Complete step by step answer:
Let us first consider the first situation. Let the distance of the object initially from the mirror be $u$ and the image formed from the mirror be at a distance $v$. The magnification in case of mirrors is given by $m = - \dfrac{v}{u}$ and the magnification is given to be $ - \dfrac{2}{3}$, so we have $ - \dfrac{v}{u} = - \dfrac{2}{3} \to v = \dfrac{{2u}}{3}$.

(a) Now, let us go for the second situation. The mirror is shifted towards left (towards the object) by a distance of $10cm$, so now the distance from the mirror will be $\left( {u - 10} \right)$. It is given that the distance of the object in the second situation is equal to the distance of the image from the mirror in the first situation, mathematically we can write $u - 10 = v$. So, we have two equations and two unknowns, let us find them by solving the equations.
$u - 10 = v \\
\Rightarrow u - 10 = \dfrac{{2u}}{3} \\
\therefore u = 30cm \\ $
Therefore, the distance of object from mirror before displacing the mirror is $30cm$.Hence,option C is correct.

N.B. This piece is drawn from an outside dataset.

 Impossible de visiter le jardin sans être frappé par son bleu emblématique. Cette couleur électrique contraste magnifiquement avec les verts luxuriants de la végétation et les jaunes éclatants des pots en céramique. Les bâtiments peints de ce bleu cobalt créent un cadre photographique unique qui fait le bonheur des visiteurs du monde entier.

(b) The focal length is obtained from the formula $\dfrac{1}{v} - \dfrac{1}{u} = \dfrac{1}{f}$.
As $u = 30cm$, we get $v = \dfrac{{2 \times 30}}{3} = 20cm$.
Therefore,
$\dfrac{1}{{{v_1}}} - \dfrac{1}{{{u_1}}} = \dfrac{1}{f} \\
\Rightarrow\dfrac{1}{{20}} - \dfrac{1}{{ - 30}} = \dfrac{1}{f} \\
\therefore f = 12cm \\ $
Therefore, the focal length of the mirror is $12cm$.Hence,option D is correct.

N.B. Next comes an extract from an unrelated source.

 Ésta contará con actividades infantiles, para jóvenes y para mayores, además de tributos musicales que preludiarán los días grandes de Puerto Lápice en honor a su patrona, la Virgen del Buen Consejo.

(c) The image formed in the second situation will be given by the formula $\dfrac{1}{v} - \dfrac{1}{u} = \dfrac{1}{f}$.
$\dfrac{1}{{{v_2}}} - \dfrac{1}{{{u_2}}} = \dfrac{1}{f} \\
\Rightarrow\dfrac{1}{{{v_2}}} - \dfrac{1}{{ - \left( {u - 10} \right)}} = \dfrac{1}{f} \\
\Rightarrow\dfrac{1}{{{v_2}}} - \dfrac{1}{{ - \left( {30 - 10} \right)}} = \dfrac{1}{{60}} \\
\Rightarrow{v_2} = - 30cm \\ $
The magnification when the mirror is moved will be given by ${m_1} = - \dfrac{{{v_1}}}{{{u_1}}}$.
Therefore,
${m_1} = - \dfrac{{ - 30}}{{ - 20}} \\
\therefore{m_1} = - \dfrac{3}{2} \\ $
Hence, magnification at the new position of mirror is $ - \dfrac{3}{2}$.Thus,option A is correct.

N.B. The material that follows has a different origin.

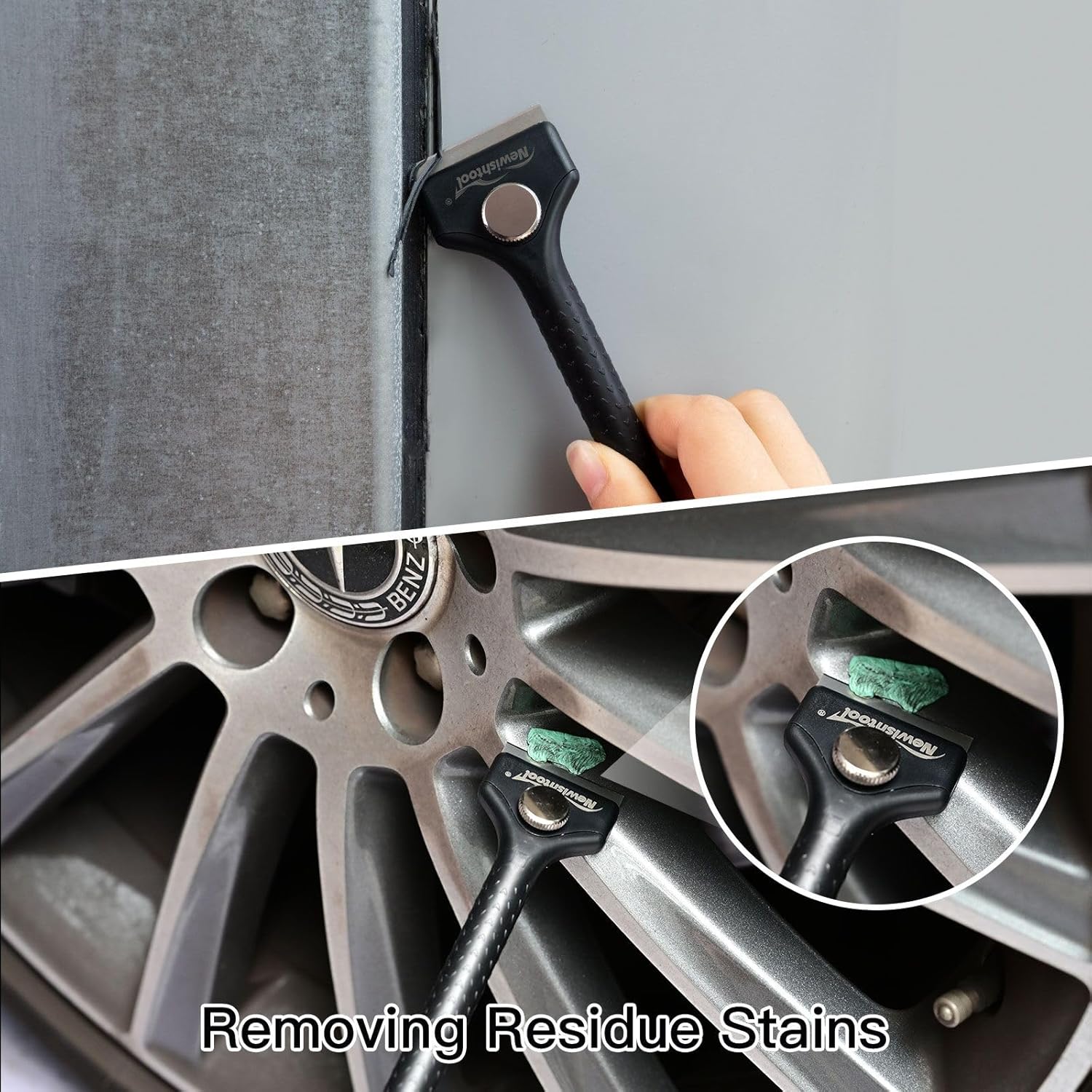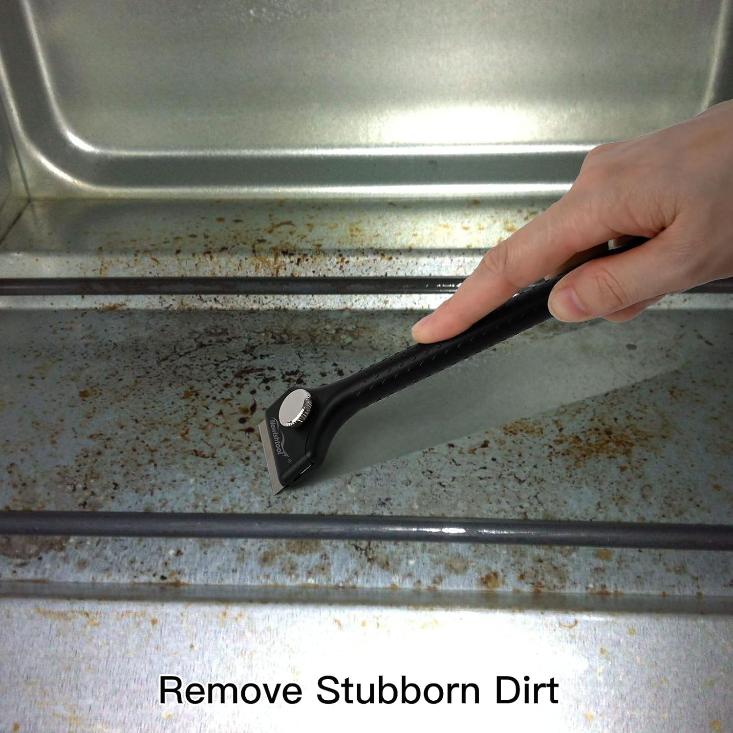 • Razor scraper tool is widely used in removing debris, glue, stickers, caulk, labels, decals from counter tops, stoves, appliances, metal, glass, etc. Keep one in the kitchen, bathrooms, workshop, toolbox, office, car, boat, RV, motorcycle.

Note:We have used the mirror formula which gives you the relation between the object distance from the mirror, image distance from the mirror and the focal length of the mirror, so you should keep this in mind. Also, we used one more formula, that was for magnification, that is also to be kept in mind. While applying formulas in optics, you need to follow the sign convention properly, else you will land on the wrong answer, so be careful with signs while putting the distances in the formula.